Madrid (EFE) homes or have simply preferred to withdraw them from the market, say sources in the sector.
The measure, which the coalition executive is studying to raise to 3% within the framework of the housing law, has stopped moving some 1,500 million euros in rent payments that would have been updated with inflation, the property administrator has calculated. Solfinc farms.
In the sector they agree that the main consequence of the measure is that the owners have raised the prices in the new contracts to compensate for this limitation, which only affects annual updates.
According to data from the Idealista real estate portal, the average rental price of a home in Spain has risen by close to 9% in the last year (from February 2022 to the same month of 2023), which is the maximum in its historical record.
The alarms go off because in the most stressed markets the increases skyrocket: Malaga (23%), Barcelona (20%), Valencia (19%), Palma (18%) and Madrid (11%).
For its part, the available supply fell by 17% on average in 2022 and up to 32% in Madrid and 28% in Barcelona, the two sources where demand is concentrated.
The general director of the Rent Negotiating Agency, José Ramón Zurdo, explained to EFE that “some owners, to compensate for the limitation that they are being imposed of not being able to update their rents above 2%, have decided to raise the prices of rents so as not to lose purchasing power, because the current inflation situation is also affecting them”.
Zurdo confirms that “many landlords are deciding, at the end of their contracts, whether or not to rent their homes anymore, or to sell them.”
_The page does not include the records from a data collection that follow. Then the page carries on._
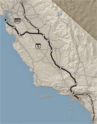 The California bullet train’s route from Los Angeles to San Francisco, traversing the state’s mountain ranges and its Central Valley, is shown in a dark black line. The route was selected over proposals that would have roughly followed the I-5 and the I-580 highways between Southern and Northern California. The light gray line shows a proposed second phase that would extend the system to San Diego and Sacramento, though it has not received environmental approvals or funding.
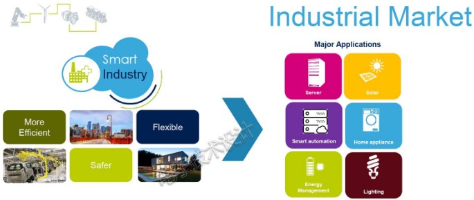 針對工業(yè)4.0的功率器件總體上包括高電壓功率MOSFET、低電壓功率MOSFET、IGBT、碳化硅MOSFET、氮化鎵、功率RF、功率模塊等覆蓋相對較廣的各種產(chǎn)品.
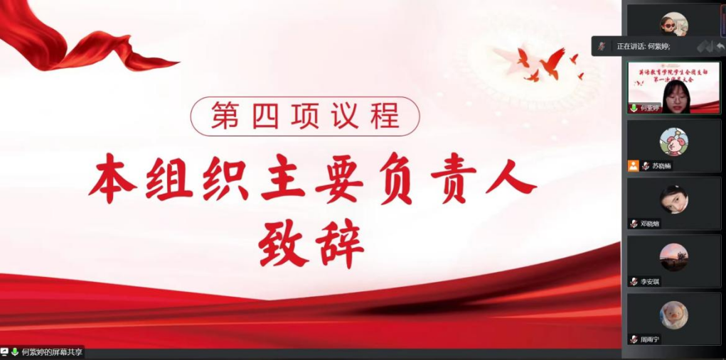 员工会执行主席苏晓楠为本次大会致辞。她对以往工作进行总结汇报,并对支部委员会提出以下要求:一是充分发挥青年先锋队和党的后备军作用,打造学习型团支部队伍,切实提升组织引领、服务青年的能力;二是坚持守正创新,开展有益于青年发展的特色活动;三是切实关注青年的需要,密切联系青年群众,秉承奉献精神,增强服务意识,真正做到为同学服务。
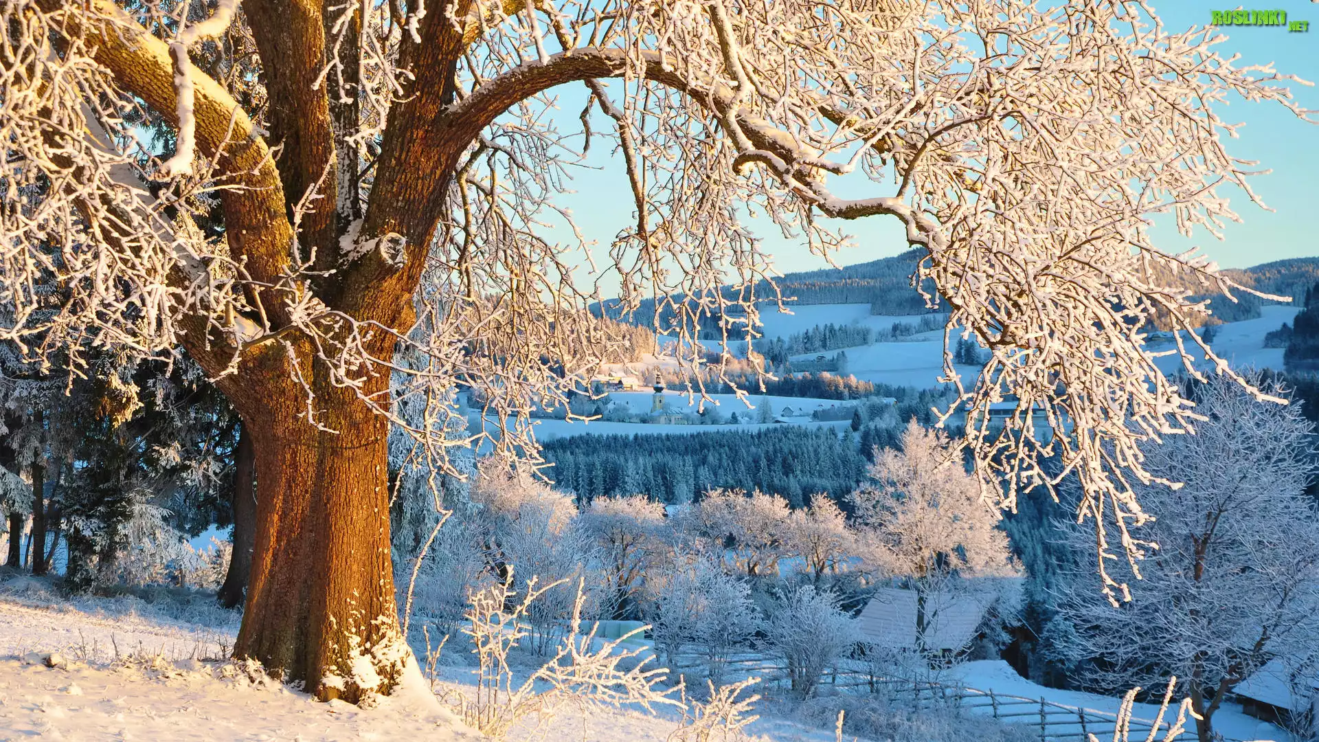 Rośliny: Zima, Oszronione, Drzewa, Słoneczny, Dzień

According to his data, in the last year the causes of need that owners who want to recover their rented home before time have increased: “This type of behavior is taking place more frequently, but we do not know if they are simulated or true needs, but we are noticing that it is growing”.
Inequality between tenants
The director of Studies at Fotocasa, María Matos, stresses that the measure has provided a “respite” for tenants who already had a contract, but at the same time it is “making it difficult for future tenants who are in the search, having contracted the offer”.
From pisos.com, its director of Studies, Ferran Font, acknowledges that they cannot know what the evolution of the market would have been during 2022 if this measure had not been approved, but he stresses that the 2% ceiling on rent “has not stopped the price increase”.
Font agrees that “the basic problem lies in the prices of rental housing that is now on the market, whose rise has made it difficult, and continues to make it difficult today, for many people to access.”
Asval’s claims
The deputy general director of the company specialized in rental investment Masteos, Beatriz Toribio, is also convinced that, after one year of application, the measure “has not served to improve the root problem of this market, which is the lack supply, but quite the opposite”, since in his opinion it is affecting, together with other interventionist measures, “legal certainty”.
Ángel Martínez León, member of the General Council of COAPIs in Spain, recalls that the profile of the lessor in Spain is heterogeneous and that, “although the measure does not affect large holders, investment funds for the most part, it does it does to small owners, who are the most affected because they do not have much profit margin with the rental of their assets”.
Along these lines, the Association of Rental Housing Owners (Asval) presented a few days ago to the Ministry of Transport, Mobility and Urban Agenda 2,000 claims from 300 small and medium-sized landlords requesting compensation from the State for the patrimonial damage caused in the renovation of their contracts in 2022.
Asval, an association chaired by former socialist minister Joan Clos, calculates that during the time the measure will be in force, from April 1, 2022 to December 31, 2023, each owner will lose an average of 2,000 euros per rented home.
Cap of 3% in 2024
The latest census of the National Institute of Statistics (INE) indicates that some three million homes rent in Spain, although other sources such as the consultant Savills raise the figure to 4.5 million homes rented, of which it calculates that 5% are in the hands of institutions.
Although they consider it “shy”, the tenant unions defend that the measure has saved thousands of millions of euros for tenant families and they want it to be incorporated into the housing law, which would be articulated, as in the decree a few years ago. year, linking the interannual increases to the Competitiveness Guarantee Index (an index that never exceeds 2%), instead of the CPI.
The last proposal of the PSOE, through the Ministry of Economic Affairs, to its parliamentary partners in the negotiation of the housing law was, however, a ceiling of 3% the first year and that after that the limit would be determined by a price index to be elaborated, which United Podemos rejected and keeps the processing of this law bogged down.